La sphère politique qui réclame qualité et compétences est pourrie par le piston. D’autre part, un homme trop gentil en politique, finit par causer du tort à ses propres intérêts. Un politique roulé finit par être fondamentalement méchant, et en a de plus le pouvoir. Une inhabituelle leçon de politique à l’occasion d’une farce. On pourrait voir dans cette nouvelle une illustration d’une fable de La Fontaine comme « La Grenouille qui se veut faire aussi grosse que le boeuf ».


p. 1178 : « Il eut d’abord une crise d’orgueil à en perdre la tête. Il allait dans les rues pour le plaisir de se montrer comme si on eût pu deviner sa position rien qu’à le voir. Il trouvait le moyen de dire aux marchands chez qui il entrait, aux vendeurs de journaux, même aux cochers de fiacre, à propos des choses les plus insignifiantes :
« Moi qui suis conseiller d’État… »
Puis il éprouva, naturellement, comme par suite de sa dignité, par nécessité professionnelle, par devoir d’homme puissant et généreux, un impérieux besoin de protéger. »

Bombard ***

Simon Bombard est bon gros fainéant, un peu viveur. Un peu à court d’argent, il finit par se marier avec une veuve anglaise assez bien rentée. Mais il a bien envie de quelques aventures pour avoir le « bonheur de ficher dedans Mme Bombard » (p.370)

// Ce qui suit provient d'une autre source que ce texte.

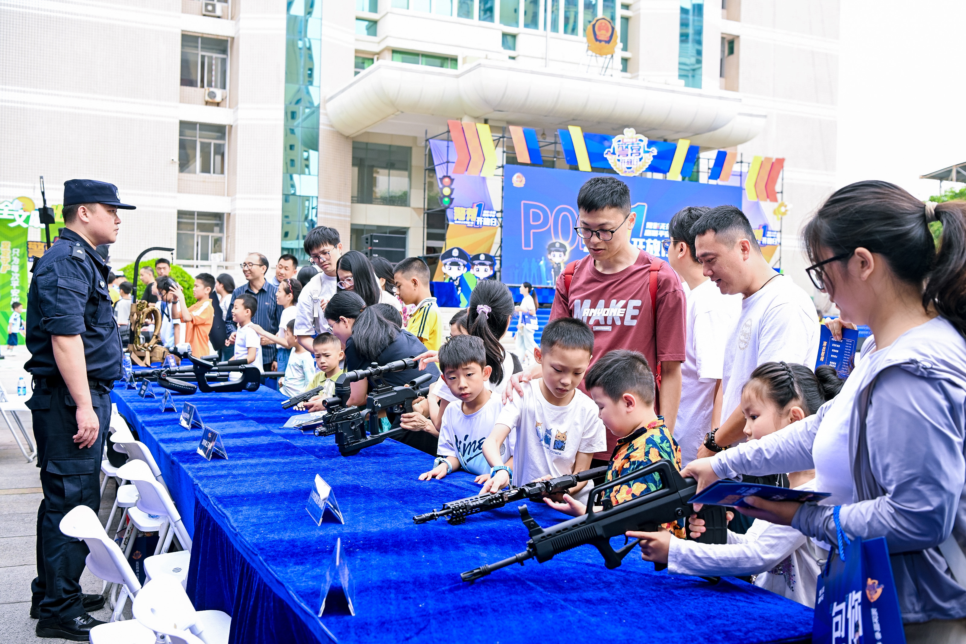 “特警硬實(shí)力”互動(dòng)區(qū)的特種槍械展示,吸引眾多小朋友前來(lái)體驗(yàn)。
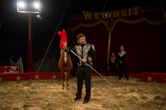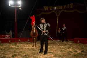 Vor bestens besetzten Rängen gestaltet Clown Banane, alias David Weisheit, das Opening. Die üblichen Durchsagen bezüglich rauchen, filmen und Handygebrauch werden pantomimisch untermalt und per Fernbedienung schaltet der Clown die Manegenbeleuchtung ein.
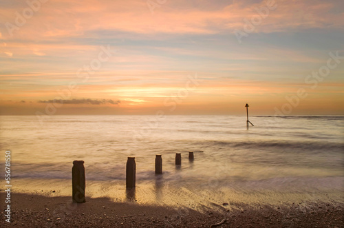 Dawn view from the shore of Teignmouth, Devon, Great Britain; Teignmouth, Devon, England
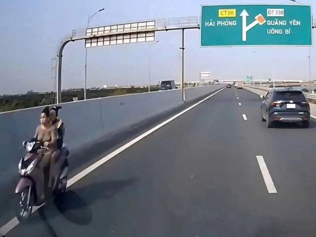 Ngang nhiên đi xe máy ngược chiều với tốc độ cao trên cao tốc Hải Phòng - Móng Cái, hai thiếu nữ cùng người giao xe vừa bị CSGT xử phạt 16,5 triệu đồng.

Bombard est un viveur manqué, dépassé par son envie bourgeoise d’oisiveté, qui a cherché à se servir d’une femme, comme Bel-Ami, pour assouvir ses ambitions simplistes ; il en est la caricature burlesque. Sa femme, bien plus habile, le surpasse et le devine en tout. Il ressemble à tous ces bourgeois chez Maupassant qui donnent l’impression de préférer être trompé, comme par exemple celui des « Les Bijoux« . Seulement ici, l’horizon confortable du mode de vie bourgeois est clairement considéré comme un piège désagréable (exactement comme dans « Le Père Mongilet »).


p. 369 : « Son œil triste déshabillait la reine de trèfle ou la dame de carreau, tandis que le problème des jambes absentes dans ces figures à deux têtes embrouillait tout à fait les images écloses en sa pensés. »

La Chevelure ****

Un homme passionné par les vies antérieures des objets, trouve un jour dans un meuble une vieille mèche de cheveux blonds.

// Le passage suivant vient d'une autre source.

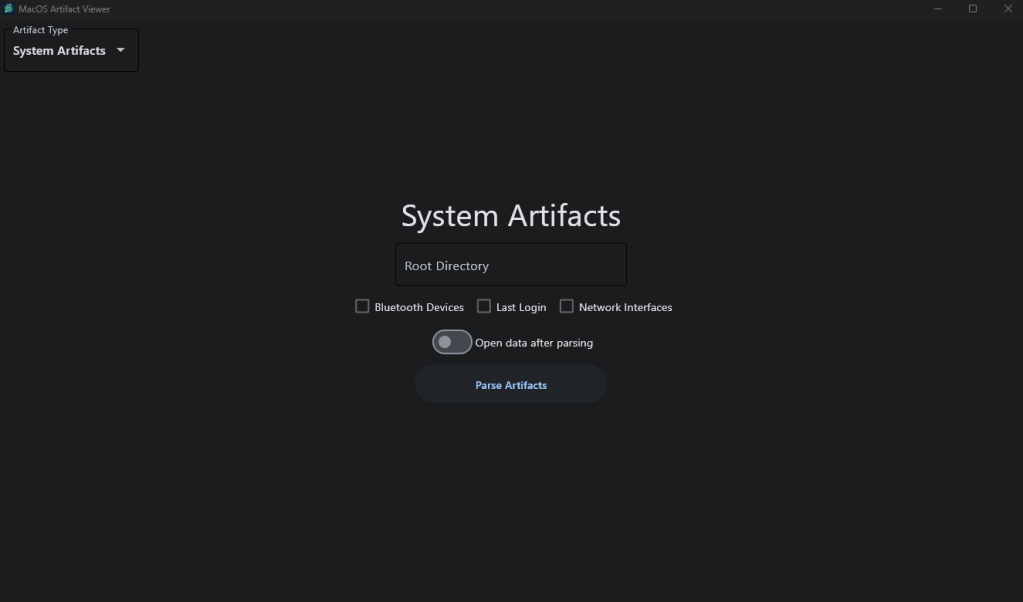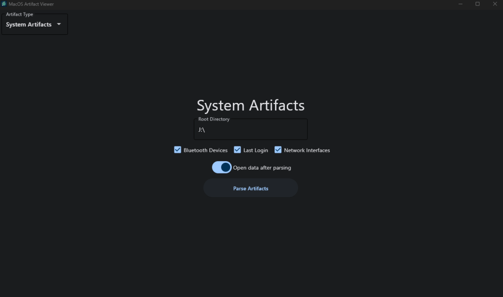 For each page you’ll need to first specify the root directory of the MacOS disk image you are analyzing. As of now, this program can not analyze live systems. So, you will need to mount a MacOS disk image before starting the analysis. After you’ve selected the root directory, the rest is pretty straight-forward. Just select the artifacts you want to parse and the program does the rest of the work for you. You can use the slider to open the results instantly, otherwise the results will be saved to the output directory you specified on the “settings” page. Below is a quick example of me running this on some system artifacts on a MacOS disk image I acquired from Digital Corpora.
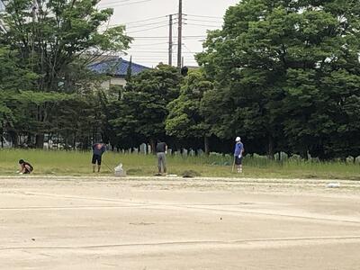 今日の学校では、公務員さんが雑草を刈ったり、鉄棒の補助台を直してくれたりしています。
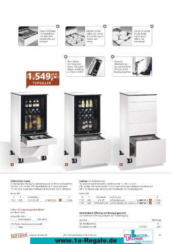 Die Kühlschrank-Caddies sind die perfek- ■ Hervorragende Mobilität durch 4 Maxi- ■ Voll ausziehbare Schubladen mit End-Selbst- schub kasten aus Tassen und Tellern und
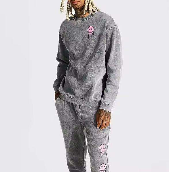 Chándal lavable con ácido serigrafiado Último precio fabricante pakistaní chándales lavados con ácido tallas grandes de alta calidad para hombre

Le fétichisme vient ici s’expliquer naturellement par la peur de l’homme devant l’avenir, l’inconnu, la dégradation, le néant, et donc par le désir de retenir. Il est donc question de posséder une trace impérissable du passé dont on peut se délecter sans fin, comme d’une victoire sur le temps. On comparera bien sûr avec le poème de Baudelaire du même titre, extrait des Fleurs du Mal. On retrouve par ailleurs ce thème de l’idée obsédante, graine qui germe et devient immense jusqu’à devenir le principal moteur d’un esprit.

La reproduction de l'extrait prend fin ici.